4OA5 Other Activities
.1 (Opened) Unresolved Item (URI), Failure to Properly Assemble Reactor Vessel Head Following Maintenance Outage.
Introduction:
The inspectors identified an URI associated with the licensee's failures to follow plant procedures and properly reassemble the RPV head following the Unit 2 maintenance outage. These procedural failures resulted in excessive leakage from the Unit 2 reactor vessel on November 16, 2011.
Description:
On November 17, 2011, the licensee determined that the reactor head flange was leaking due to inadequate reactor vessel head stud tensioning. Inspectors reviewed the licensee's actions prior to the event and identified examples of improper procedure use and adherence that contributed to the inadequate reactor vessel head stud tensioning.
- Inspectors reviewed the completed "Reactor Vessel Reassembly" procedure (0SMO-RPV502) and determined that the refuel floor team failed to properly pressurize the RPV head stud tensioner to the values specified in 0SMP-RPV502 Attachment 1, which required a tensioner pressure of 13,000 lbs to achieve the desired stud elongation. Specifically, the refuel floor team interpreted an indicated tensioner pressure of 1300 lbs to be 13,000 lbs because the tensioner operators did not know how to correctly interpret the reading on the tensioner display. The RPV studs where under-tensioned due to this error.
- Procedure 0SMO-RPV502, Reactor Vessel Reassembly, step 7.15.12 requires QC to verify stud tensioning has been satisfactorily completed by reviewing and signing RPV head stud tensioning data table Attachment 1. The inspectors also determined that QC failed to verify proper RPV stud elongation in accordance with stud elongation values provided in 0SMP-RPV502. Although the verification was signed, none of the required stud elongation readings matched the acceptance criteria
- Procedure TRN-NGCC-1000, Conduct of Training, requires training be conducted per the biennial period Training Matrix. The training matrix requires that refueling floor personnel receive initial qualification (MB81) for reactor vessel reassembly per Lesson Plan ME501B. However, the qualification for ME501B has not been maintained by maintenance personnel performing RPV disassembly and reassembly, and the training associated with qualifications has not been updated to include current practices/tools or provided to any workers since 2000. As a result, nine of the twelve refuel floor personnel performing reactor vessel reassembly on November 13, 2011, did not have the refuel floor support training qualification (MB81) and failed to properly tension the reactor studs upon reassembly of the reactor vessel.

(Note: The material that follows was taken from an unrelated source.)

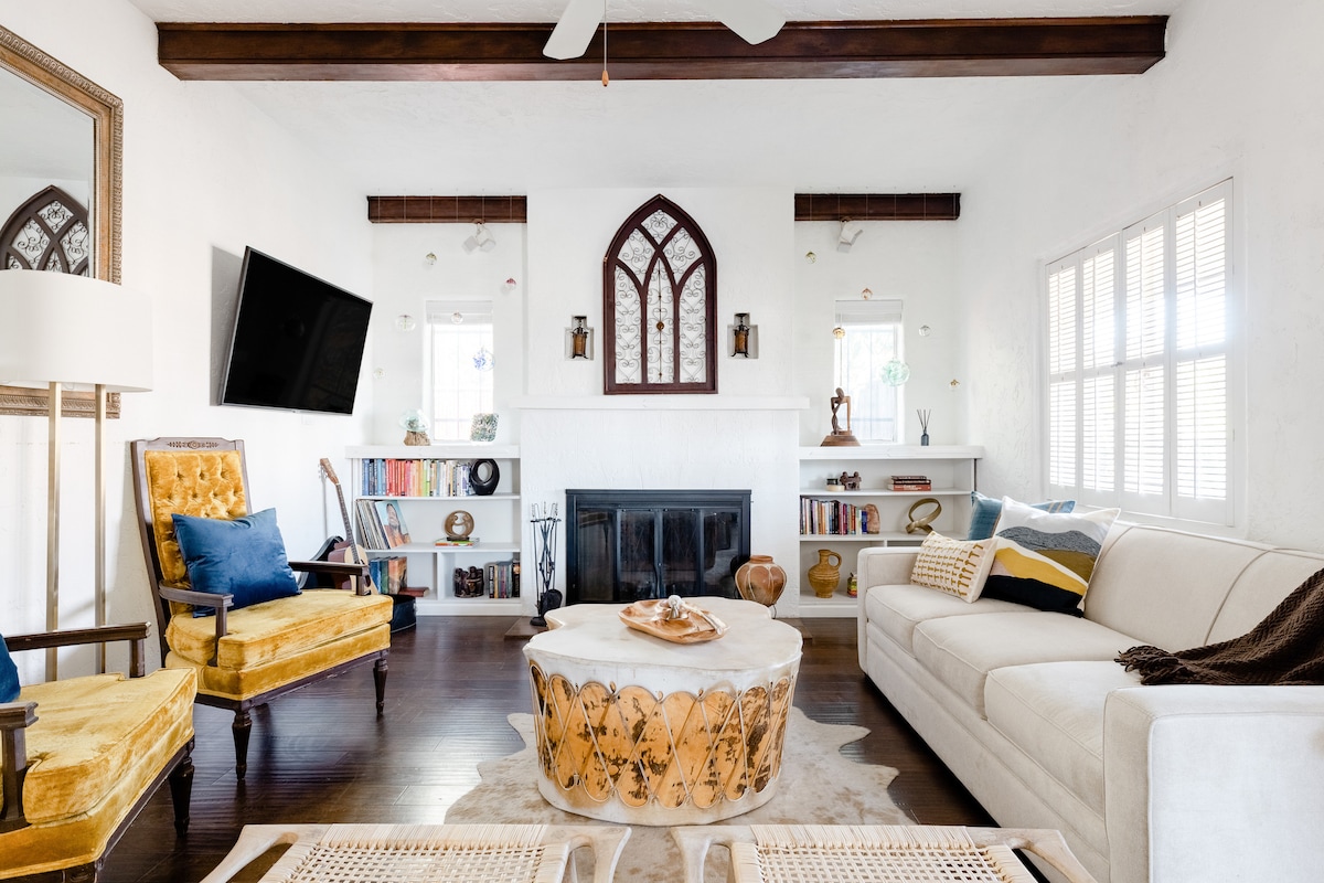 Experience Monarch House in a Phoenix Historic District—your spa-like retreat with unique artistic touches. The well-designed interior features a dining room and a fully equipped kitchen, perfect for memorable meals. Located in Uptown Phoenix, enjoy trendy restaurants, local boutiques, and vibrant nightlife just minutes away. Seamlessly switch between two private outdoor spaces and a shared courtyard, featuring an outdoor dining room and cozy fire pit.

- 0PLP-20, Post Maintenance Testing, requires "plant equipment shall be tested consistent with their safety functions following maintenance activities that may have impaired proper functioning of the component." The team determined that the licensee failed to specify an adequate PMT to test the pressure retaining capability of the RPV head. Summary: This issue is unresolved pending completion of and review of the licensee's root cause evaluation. The URI for this issue is identified as05000324/2011013-01, Failure to Properly Assemble Reactor Vessel Head Following Maintenance Outage.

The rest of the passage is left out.